У Сент-Джона вырвался странный звук, похожий на брезгливое фырканье. В наши дни благородство в политике было анахронизмом, подумала Джесса. Ее отец и дед были исключениями. Но их честолюбие не простиралось дальше Сидара.

Она посмотрела на награду, которую город преподнес ее деду по случаю ухода с поста мэра, – бронзовую скульптуру человека за кафедрой, с молоточком в руке. Отец хранил ее здесь, где мог видеть каждый день, как напоминание о необходимости следовать по стопам своего предшественника.

Джесса перенесла внимание на Сент-Джона. Он смотрел не на нее, а на фотографию на стене. Не на ту, которую хотел использовать как флаерс, а на снимок Джессы в шестнадцатилетнем возрасте с ее любимым Максом, который помог ей выиграть чемпионат штата. Кьюла в редкие моменты спокойствия позировал у передних ног Макса.

– Симпатичная лошадь.

Это удивило Джессу – Сент-Джон казался ей абсолютно городским человеком, который ничего не должен знать о лошадях.

– Он самый лучший, – отозвалась она.

– И сейчас? – Голос звучал удивленно.

– Сейчас ему двадцать. Макс на заслуженном отдыхе. Док Гальперин говорит, что его не удивит, если он доживет до двадцати пяти.

Джесса посмотрела на фотографию, борясь с желанием коснуться изображения усмехающегося пса.

– Если бы собаки могли жить так долго, – тихо сказала она.

– Все еще горюете?

– Конечно. Мне всегда будет не хватать Кьюлы. Он был чудесным псом. Но сейчас у нас есть его внук, Мауи.

Сент-Джон огляделся вокруг, словно ища собаку.

– Он всю неделю с мамой, – объяснила Джесса. – Мауи всегда знает, кому из нас тяжелее.

Она почти ожидала, что Сент-Джон фыркнет. Иногда он казался таким суровым, презирающим все сентиментальные эмоции.
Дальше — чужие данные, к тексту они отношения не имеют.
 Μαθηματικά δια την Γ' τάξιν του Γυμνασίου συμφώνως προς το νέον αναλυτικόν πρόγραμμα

Но вместо этого он сказал:

– Наследственное.

Джесса недоуменно моргнула. Это было одно из величайших дарований Кьюлы – внутреннее ощущение того, кто больше нуждается в его теплом, любящем присутствии. Он пытался завлечь страдающего члена семьи в игру с чисто собачьей мудростью, но, потерпев неудачу, старался его утешить. И это ему удавалось почти всегда.
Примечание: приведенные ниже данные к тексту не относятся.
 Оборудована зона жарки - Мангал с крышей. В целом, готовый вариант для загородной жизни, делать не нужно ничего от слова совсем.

Она открыла рот, чтобы спросить, откуда он это знает, но Сент-Джон прервал ее, заговорив о новой идее. Джесса должна была признать ее достоинства: подарить обширную отцовскую коллекцию книг городской библиотеке от его имени казалось хорошим вкладом, который он бы оценил. И этикетки, которые Сент-Джон предлагал вложить в каждую книгу, служили бы напоминанием для читающих.

– Нет возражений? – спросил он, когда Джесса медленно кивнула.
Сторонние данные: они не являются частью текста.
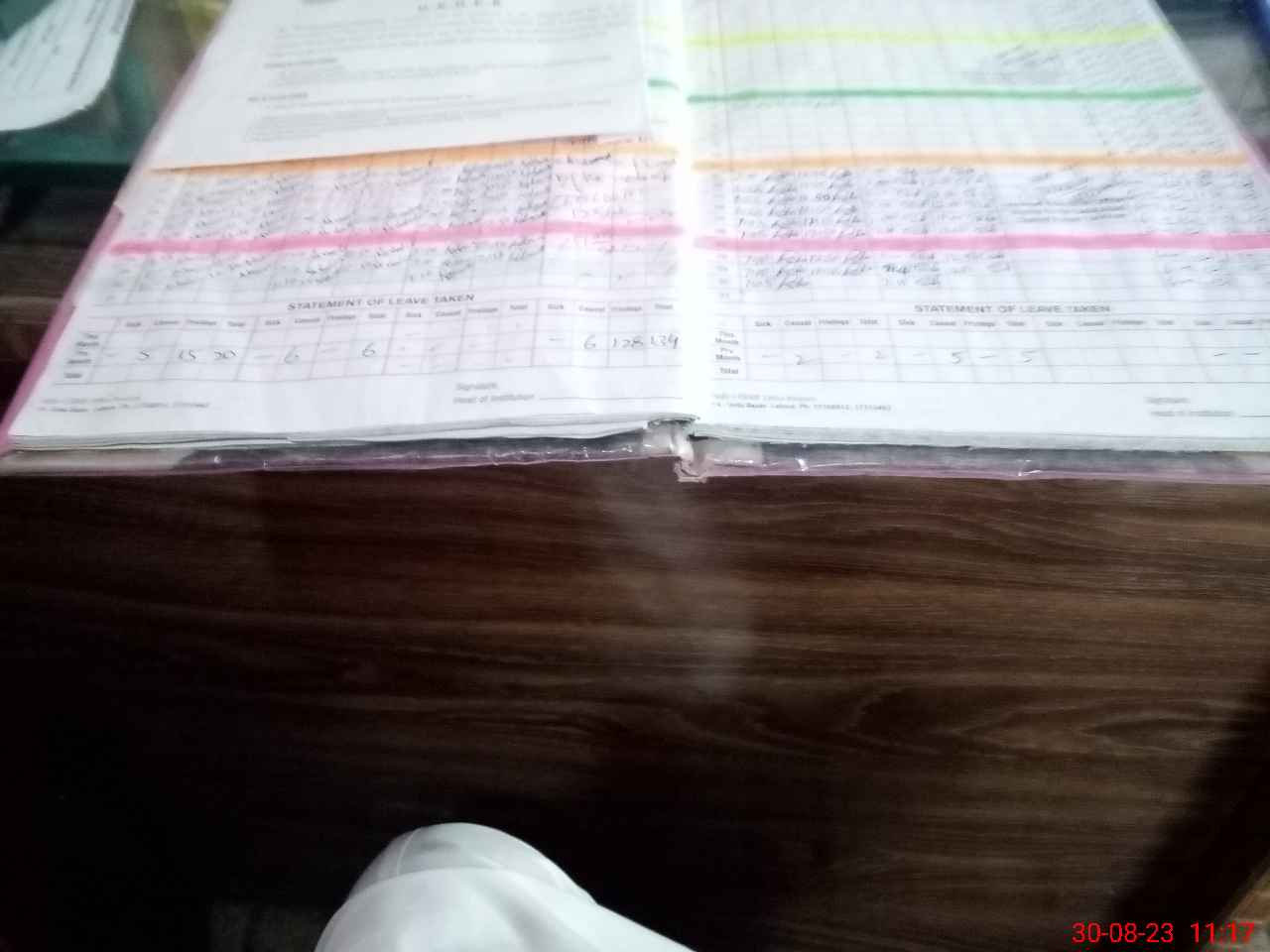 | CNIC | Full Name | Designation | R/C | Absence During Last Calender Month |

– Это совсем другое дело – это не спекуляция именем, как в случае с фотографией. Я бы сама хотела передать библиотеку городу – думаю, что и отец тоже. И это не будет выглядеть элементом кампании, играющим на его смерти.

– Сохраните некоторые, – предложил Сент-Джон.

– Да, некоторые я хочу сохранить. Особенно личные. Книги о гражданской войне, в которых упомянут его прапрапра-не-знаю-какой-дедуш-ка. И экземпляр «Тома Сойера и Гекльберри Финна», который отец читал мне, когда я была маленькой. А я читала «Гека» ему в тот день, когда он умер. – Она вздохнула. – В книге все еще осталась закладка, которой он всегда пользовался, к ней прикреплена глиняная собачка, которую я сделала для него в третьем классе.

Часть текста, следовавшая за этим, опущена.